Le livre
Ils avaient oublié quel était ce livre
mais étaient tous d’accord pour dire qu’il lisait quand ils sont arrivés
dans les parages
avec une longue liste.
Il lisait encore quand le silence s’est fait et que les godillots des gardiens
ont résonné dans la cour comme la terre qui tombe sur un cercueil.
Il lisait encore quand ils ont passé une à une les cellules et qu’on entendait
sèchement les noms et prénoms
puis le patronyme enfin
coup de grâce.
Dans quelle maison sur quels arbres avait-il emporté le livre
sur quel rocher s’était-il assis, pieds nus dans l’écume de la mer
personne n’a su me dire.
Si ce n’est que, lorsqu’ils l’ont interrompu
il l’a refermé avec regret en disant que c’est un beau livre
quel dommage de n’avoir pas eu le temps de le finir.
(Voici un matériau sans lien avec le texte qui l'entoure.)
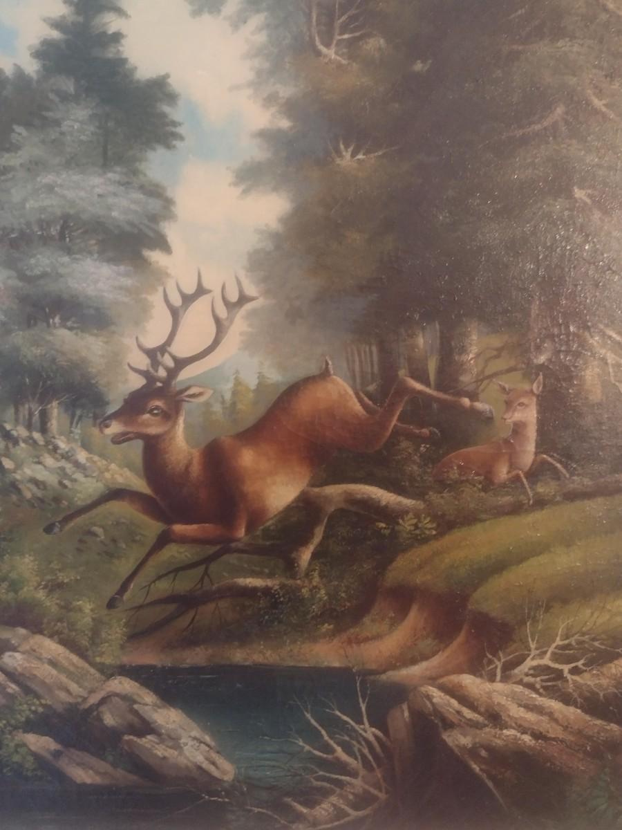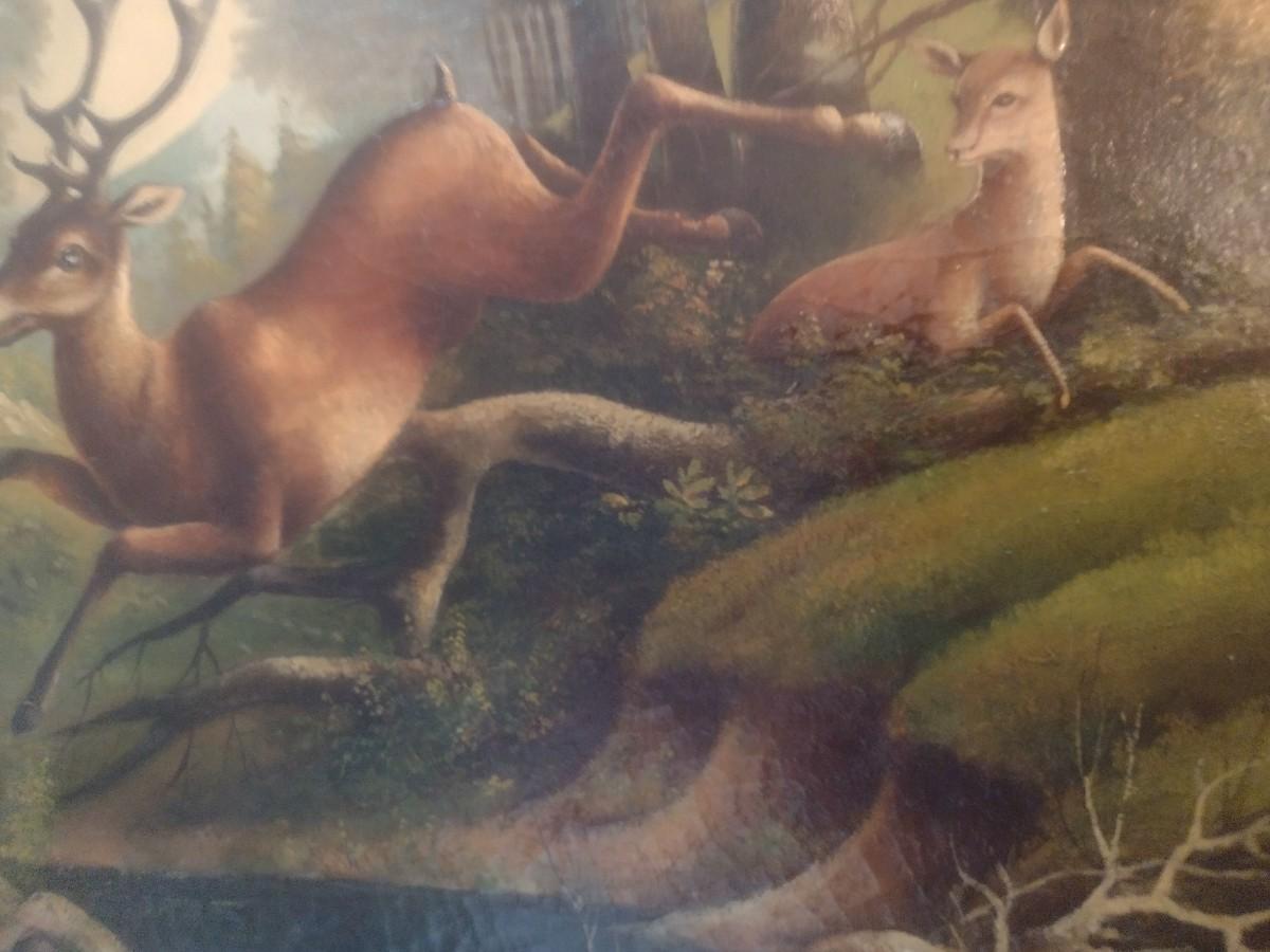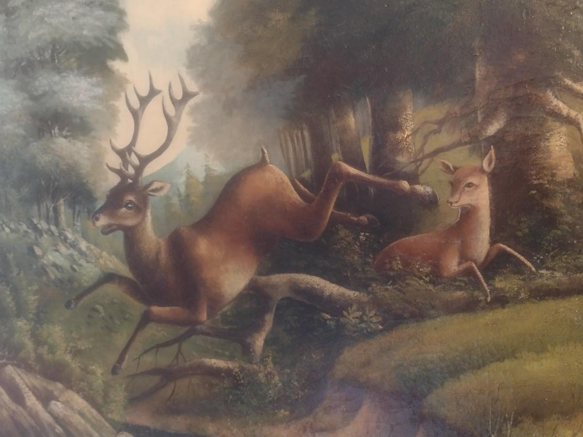 Francis A. Cerny Original Oil on Canvas Stag and Doe Circa 1890 Framed

J’essaierai de le trouver, ce livre-là.
Je l’ouvrirai à sa page cornée
et
s’il m’est permis
je le lirai jusqu’à la fin.
TU T’OBSTINERAS
.
Aussi haut puisses-tu monter, ici tu resteras.
Tu trébucheras et tu tomberas ici dans les décombres
à tracer des lignes
ici tu t’obstineras sans contrainte
sans jamais te réfugier dans une commode détresse
___________________________________jamais dans le mépris
et même si ont la force aujourd’hui ceux qui bâtissent la dévastation
et même si tu vois des colonnes d’hommes partir en rang vers la menuiserie
accepter fièrement
leur chantournement
et se placer dans de strictes cases
_______________________comme des pions.
Toi, tu t’obstineras comme si tu mesurais le temps par la succession des pétrifications
comme si tu étais sûr qu’un jour viendra
où les gendarmes et les vigiles tomberont l’uniforme.
Ici dans les décombres ensemencées de sel
que tu le veuilles ou non, tu avanceras
en calculant l’inclinaison à donner aux niveaux
tu t’obstineras, sciant seul les pierres
que tu le veuilles ou non, il te faut acquérir ton propre espace.